Often times in SEO discussion communities you come across questions from webmasters asking, ‘If I do XYZ, will it cause a duplicate content penalty?’ The common misconception, ever since Google released its Panda update, is that a duplicate content penalty exists and you risk having your site removed from Google’s index if you have the same content on different pages of your site. At some point during your website’s content creation you might have thought about duplicate content; using the same images multiple times across the site or, if it is an e-commerce site, worrying about category pages appearing in more than one URL with the same product and description, or about your articles being syndicated word-for-word on other sites. So, how much and what do you really need to worry about in terms of duplicate content? Let’s start with the basics.
What is Duplicate Content?
Any content that is identical to other content that exists either on the same website or a different one.
Examples:
- Your blog content syndicated (copied) onto another website.
- If your home page has multiple URLs serving the same content, for example: http://yoursite.com, http://www.yoursite.com and http://www.yoursite.com/index.htm.
- Pages that have been duplicated due to session ids and URL parameters, such as http://yoursite.com/product and http://yoursite.com/product?sessionid=5486481.
- Pages that have sorting options on the basis of time, date, color or other sorting criteria can produce duplicate pages, such as http://yoursite.com/category and http://yoursite.com/category?=sort=medium.

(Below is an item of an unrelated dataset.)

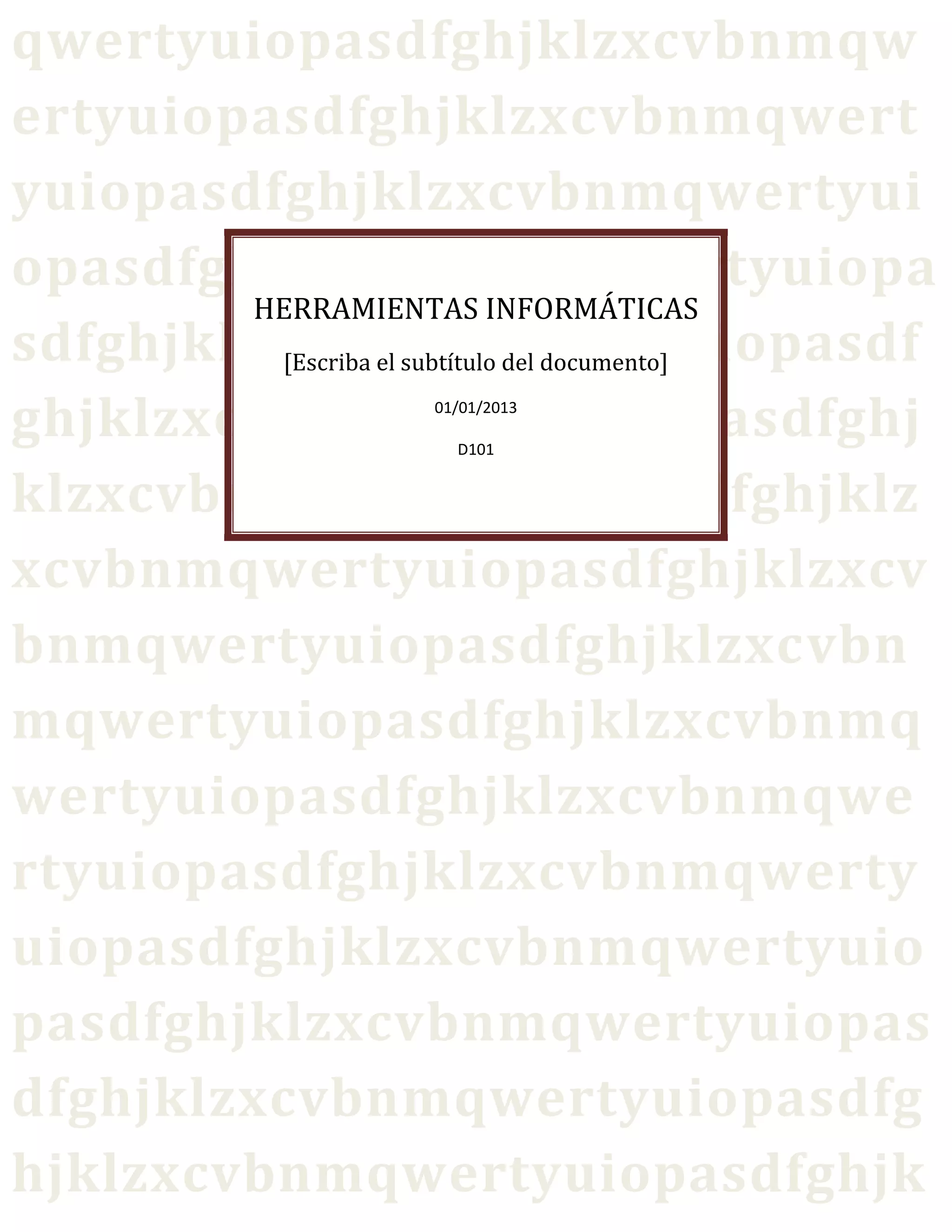 El documento presenta información sobre diferentes herramientas informáticas como Office 2010, Microsoft Word 2010, Excel 2010, Power Point 2010, Outlook 2010 y One Note 2010. Describe las funciones básicas de formato de texto, inserción de elementos y cambio de temas que comparten estas herramientas. También incluye una sección de bibliografía al final.

- Pages with tracking codes and affiliate codes, such as http://yoursite.com/product and http://yoursite.com/product?ref=name.
- Printer-friendly pages created by your CMS that have exactly the same content as your web pages.
- Pages that are http before login and https after.
What is Not Duplicate Content?
Examples:
- Quotes from other sites when used in moderation on your page inside quotation marks. They must preferably be associated with a source link.
- Images from other sites or images repeated on your own site(s). (This is not considered duplicate content as search engines cannot crawl images).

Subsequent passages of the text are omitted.